Stunning OLED display Superb versatility Great speakers Excellent battery life

Cons

Very expensive Heavy and bulky No discrete GPU Limited ports

Our Verdict

The Zenbook 17 Fold OLED is a compelling first-gen foldable that works well as a laptop, tablet or something in between. But most people will want to hold off on buying one for now, especially at this price.

Price When Reviewed

£3,299

Most of the laptops people buy have the same core design, but there are no shortage of companies trying to change that. The release of Microsoft’s original Surface a decade ago kick-started a wave of Windows tablets with detachable keyboards, and it looks like the next revolution is upon us.  
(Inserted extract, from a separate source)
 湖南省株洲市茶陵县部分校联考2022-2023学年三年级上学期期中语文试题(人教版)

Lenovo announced the very first foldable screen tablet/laptop hybrid back in 2020, and two years later it finally has genuine competition. Despite being announced at CES in January, Asus has taken its time getting the new Zenbook 17 Fold OLED ready for release. 
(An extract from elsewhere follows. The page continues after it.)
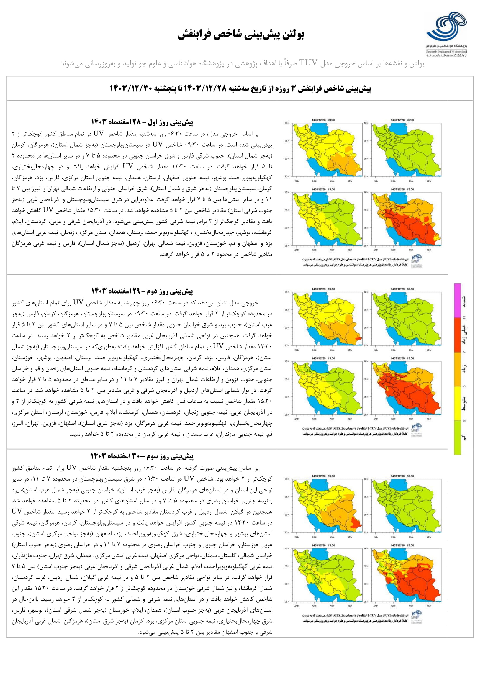 بولتن شماره ۱۷۴ پیش بینی شاخص پرتو فرابنفش ۳ روزه از تاریخ ۲۸ تا ۳۰ اسفند ماه ۱۴۰۳ ۲۸ اسفند ۱۴۰۳ | ۱۰:۲۱ کد : ۱۱۶۲ اخبـــار پژوهشگاه گزارش پیش بینی شاخص پرتو فرابنفش ارسال به دیگران نام شما ایمیل شما ایمیل دریافت کننده ارسال انصراف تعداد بازدید:۷۲

While it’s far from perfect, Asus’ first foldable has undoubtedly been worth the wait. Here’s my full review. 

Design & Build

17.3in tablet when unfoldedCan become 12.5in laptopBulky design, limited ports

The Zenbook 17 Fold has an extraordinary design, but that’s not immediately clear when you take it out of the box. When closed, it looks like either a small laptop or 2-in-1, both of which we’ve seen many times before.

However, opening the device reveals its key selling point – a huge 17.3in display that can fold in half horizontally. That creates two 12.5in panels, although you can magnetically attach the included keyboard to the bottom half for a laptop-like experience. 

Dominik Tomaszewski / Foundry

This versatile design means the Zenbook 17 Fold can realistically be used in up to six different modes, each with its own unique benefits and drawbacks. It’s worth exploring each in more detail. 

The first, and perhaps most obvious, is as a regular tablet. At 17.3in, it’s one of the largest slates you can buy. Only a handful of scenarios take full advantage of such a large screen, but it does make the Zenbook 17 Fold a great device for multitasking. 

Thick plastic bezels extend around the perimeter of the screen, although they’re needed to ensure the hinge is as durable as possible. It allows plenty of room for a 5Mp webcam, with its detailed 1080p footage and dual mics making for a great video calling experience.

A separate depth sensor means the device supports Windows Hello face unlock, which is easy to set up and works well in most lighting conditions. With no fingerprint sensor, this is your only alternative to manually entering a PIN or password. 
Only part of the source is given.